そんな著者が走り始めたきっかけは、パリ郊外の緑多い地域に引っ越し、あまりに美しかったから。そのうち少しずつレースに出始めたというが、この人めっぽう速いのだ。現在のフルマラソンベストは3時間21分。フランス選手権出場資格まで持っているというのだからドラマみたいではないか。
この、走りが速くて元編集者があちこちのレースに出場してまとめた記録がこの本。
ひとつひとつのレースが日本人の想像を超えている。

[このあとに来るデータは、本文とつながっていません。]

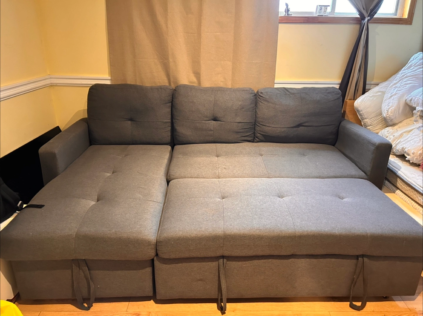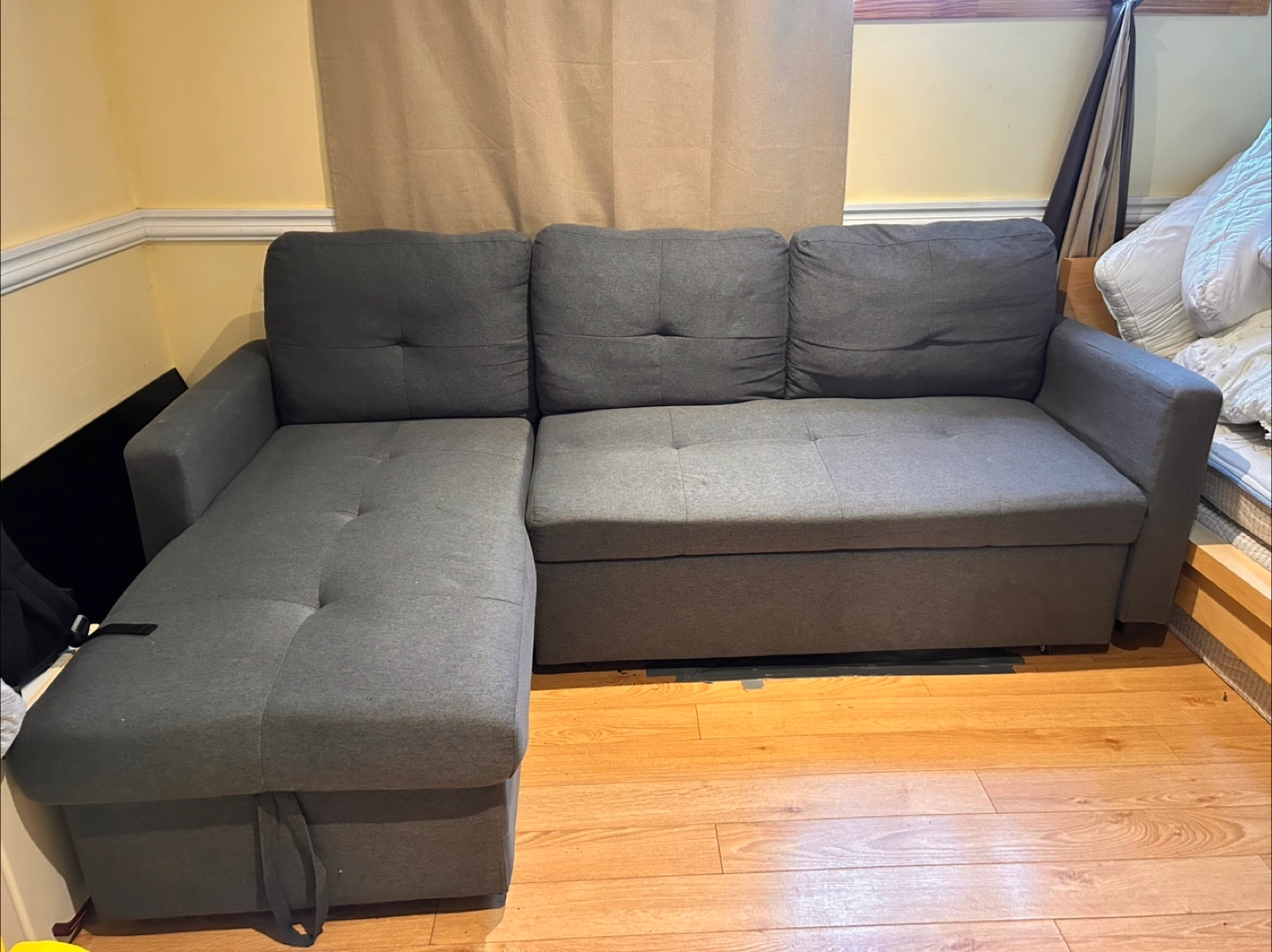Sectional sofa in a soft grey fabric. Features a chaise and a pull-out bed. The sofa has tufted seat and back cushions. Perfect for relaxing after a long day. We bought this last year November and today we’re selling it coz we’re moving out.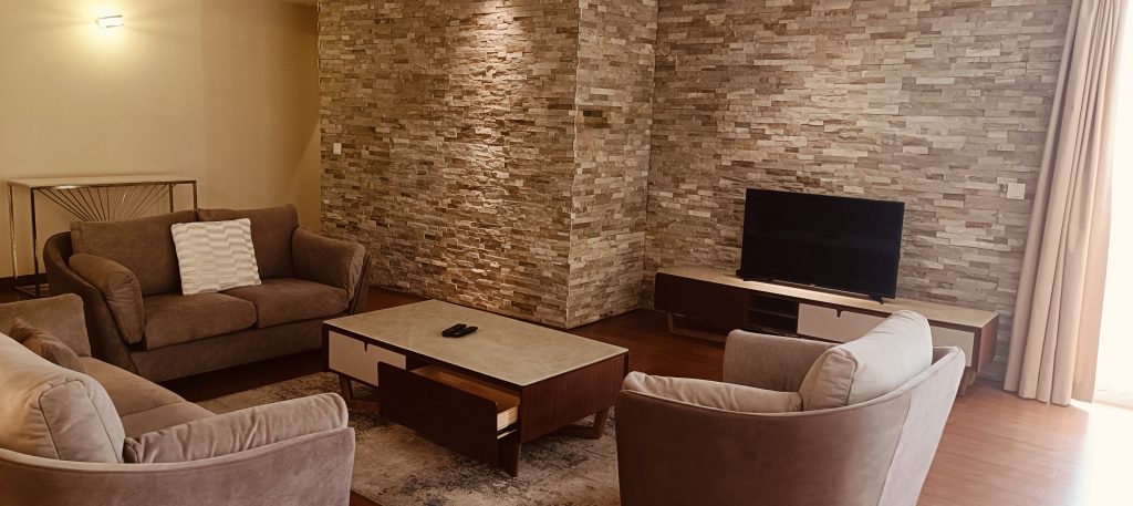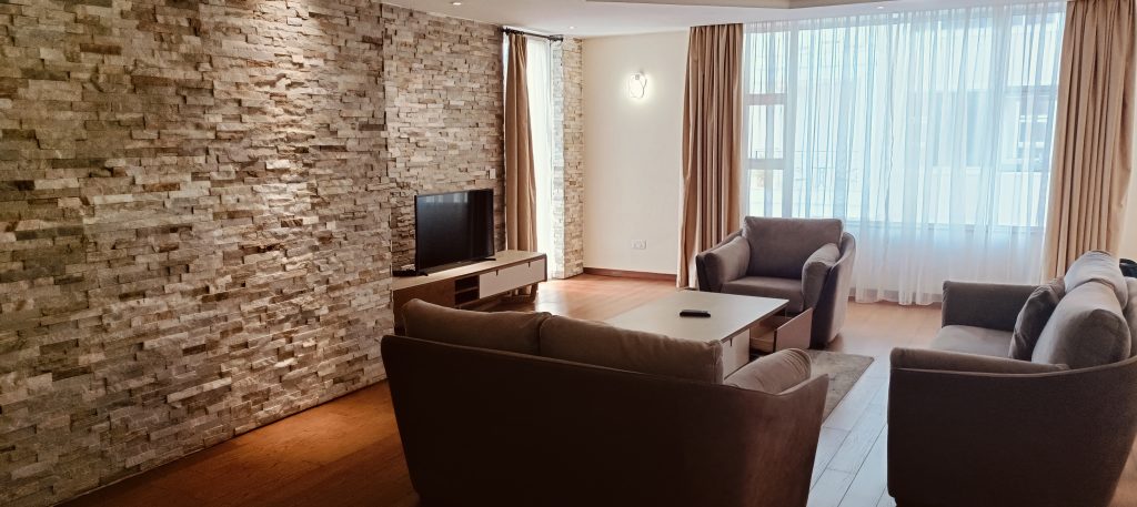 This a 2 bedroom furnished apartment in the heart of Kilimani. The apartments are fully serviced with a spacious living room, dining, modern kitchen with dhobi area. There is a guest cloakroom. The bedrooms have ample wardrobes and ensuite bathroom with a shower.

給水所でグラスに入ったシャンパンが振る舞われる「シャンパーニュのハーフマラソン」をはじめ、エイドステーション(給食所)にフォアグラなどワインのアテがずらりと並ぶブルゴーニュマラソン。病院の敷地内だけを走るもの。炭鉱跡地の「ボタ山」をよじ登るレース。
他にも人気のパリ・マラソンやモン・サン・ミッシェル・マラソンなど、走ってみなければわからないあれこれが綴られる。取り上げられているのは全部で16レース。
中でももっとも強烈だったのが、「モンマルトルの丘10キロレース」。パリで一番坂の多いモンマルトルの石畳を、上ったり下りたりする。しかも車も観光客もいっぱいいる画家もそのままの状態で走るのだ。あまりのばかばかしさに笑いそうになりながら走るというが、石畳にやられて腰を痛め、パリマラソンを棄権したにもかかわらず、また翌年走る著者。
マラソン大会は観光地で行われていることも多く、観光ガイド的に読むこともできる。あちこちでフランス人気質に直面するので(例外はバレンタイン・レースくらい。その理由は読めばわかります)、ある意味フランス文化を読める本とも言えるのだ。
ジャンルが特定しにくい本だが、ランナーじゃなくてもフランス大好きじゃない人でも、楽しく読めると思う。
私が気に入った最大の理由は「文章が好きだったから」。ど真ん中ストライクだった。この人の本をもっと読みたい!と思ったが、残念ながら他に著書はなく、ブログなどもなかった。ぜひ他の本も読みたい。たぶん、著者が書いたものならたとえ美術史でも楽しく読んでしまいそうだ。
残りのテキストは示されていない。